Faizsiz esnaf kredisi çekebilmek için ortada bir şahıs firması ya da ticari firma olmalıdır. Vergi levhası bulunmayan kişi ve şirketler, faizsiz esnaf kredisi ya da faizsiz ticari kredi hizmetlerinden yararlanamazlar.
Ayrıca bireyler gibi firmaların da kredi notu mevcuttur. Firma adına kullanılan kredili ürünlerin ödeme performansı, bilançoların gücü, sermaye miktarı ve ortaklık yapısı ile çek, senet ödeme performansı, şirketlerin kredi notunu belirleyen önemli faktörlerdendir. Bu ödemeler ne kadar düzenliyse şirketin kredi notu da o derece yüksek olacaktır. Faizsiz ticari kredilerden yararlanabilmek adına şirketinizin kredi notunu belirli bir seviyenin üzerinde tutmanız gerekir.
Ticari kredilerde bireysel kredilerden farklı olarak daha güçlü bir teminat yapısı söz konusudur.

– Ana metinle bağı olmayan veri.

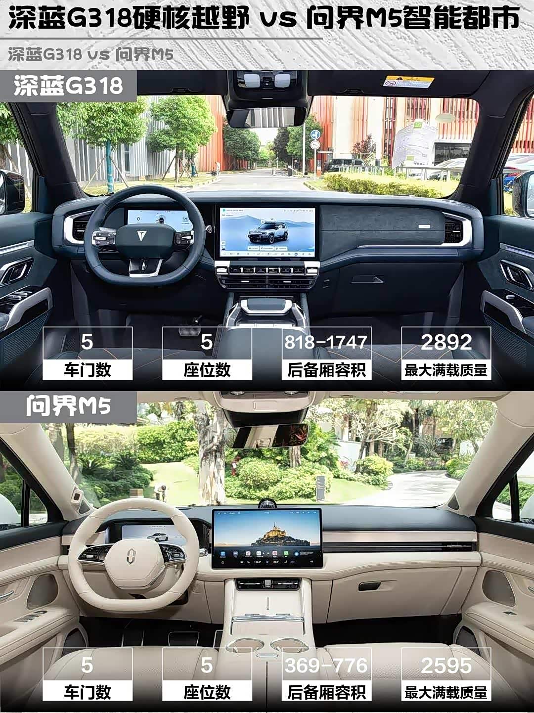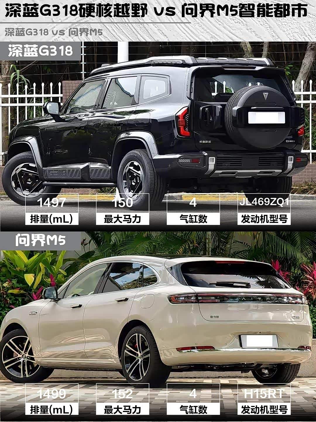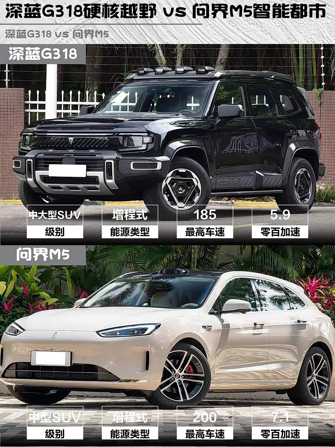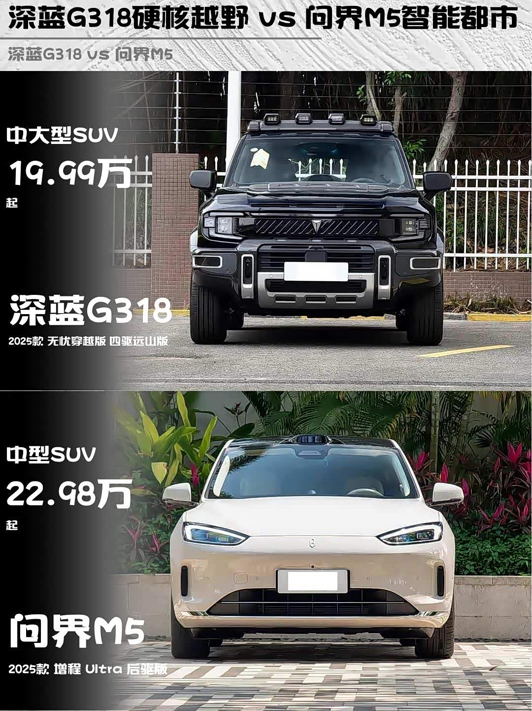 最近在纠结 深蓝G318(参数|询价) 2025款无忧穿越版四驱远山版和问界M5 2025款增程Ultra后驱版的朋友看过来!作为深度体验过两台车的车主,掏心窝子分享真实对比感受👇

Bankanın açacağı kredi limiti imza karşılığı olabileceği gibi belirli bir teminat şartıyla da açılabilir. Şirketin gücü ne kadar fazlaysa, herhangi bir teminat vermeden kredi limiti açılması da o derece muhtemeldir. Aksi takdirde bankanın konut, dükkan, arsa, müşteri çeki gibi teminatlar talep etmesi söz konusu olacaktır. Kredi borcunun ödenmemesi durumunda bu teminatlar banka uhdesine geçer.